Another day, another shooting. It's a devastating truth, but that's the world we live in. We've learned to numb ourselves at the loss of life because it's the only thing we really can do.
Between TV shows, video games and the news, we've become so desensitized to death that it hardly seems real anymore. I get it, crime dramas make killer TV shows (no pun intended), but after watching episode after episode of Criminal Minds your mind is somewhere between "this isn't real" and "this is too real." We're faced with death everywhere we look and it has become really hard to let ourselves truly feel loss. Watching the news puts us in the same predicament. How many shootings does the U.S. average in a week? Month? Year? Being able to truly harness that sadness would tear us apart completely. I would be a basket case for sure. Of course, sometimes this plays to our benefit, after all, how could someone handle that much sadness? If we did finally feel the loss of each death we watch all over TV, both fictional and real, maybe we would put an end to it once and for all.

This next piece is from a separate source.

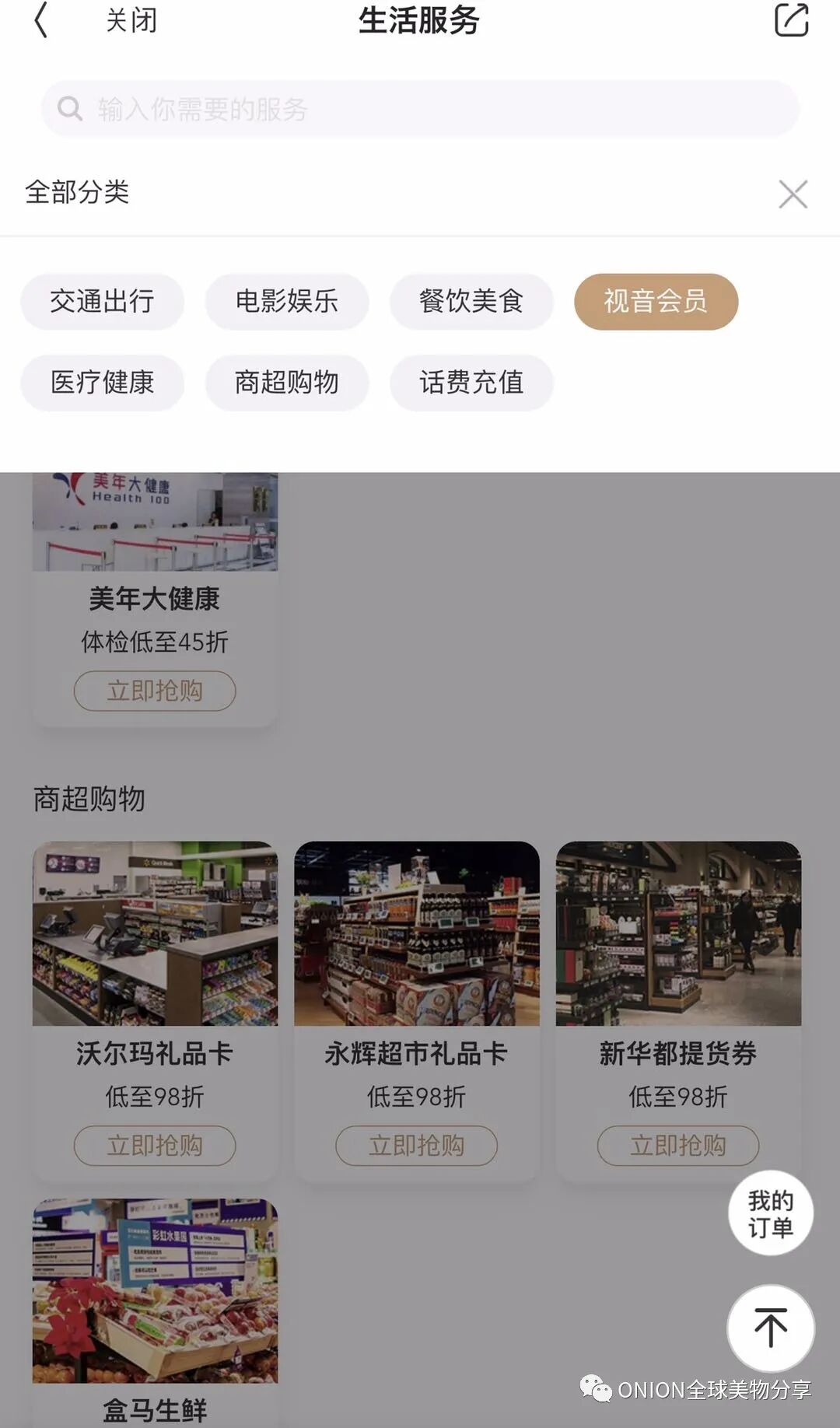 机票,火车票,酒店预定;美年大健康享45折;加油服务,最高降2.7元/ 升(各车主一年油费就能省几千甚至更多);各商超、肯德基、必胜客等餐饮类礼品卡等,还有话费充值、视音会员等总共七大类#生活服务#

We live in a world where we think it's okay to broadcast videos of people being murdered. We witness the last painful breath they take before they leave this world forever and what do we do? We press "share." How sickening is that? News stations play these videos over and over as a backdrop to their political arguments. We watch this. Our children watch this. We watch these news broadcasts as a family. These atrocities are now small talk at the dinner table. This is what our world has come to and we've accepted it. We live in a world where humanity has become absent, life has lost its meaning.
We live in a world where people think it's okay to take someone's life over something as (in the grand scheme of things) silly as race, sexual orientation, religion or occupation. It's easy to feel hopeless and sad about current events, but most of all, angry. It's enraging to me to think that this is the reality we have to grow up in, that my younger siblings are growing up in. That every time I go to the grocery store, class, a concert, or movie I plan an escape route in my mind just in case.
We've tolerated this vileness for far too long. Let's bring meaning back to the most precious privilege we're given as human beings, let's remember how valuable life really is. Let's stop being more concerned with ones race, sexual orientation, religion or occupation than we are with their family or their beating heart. Let's love one another.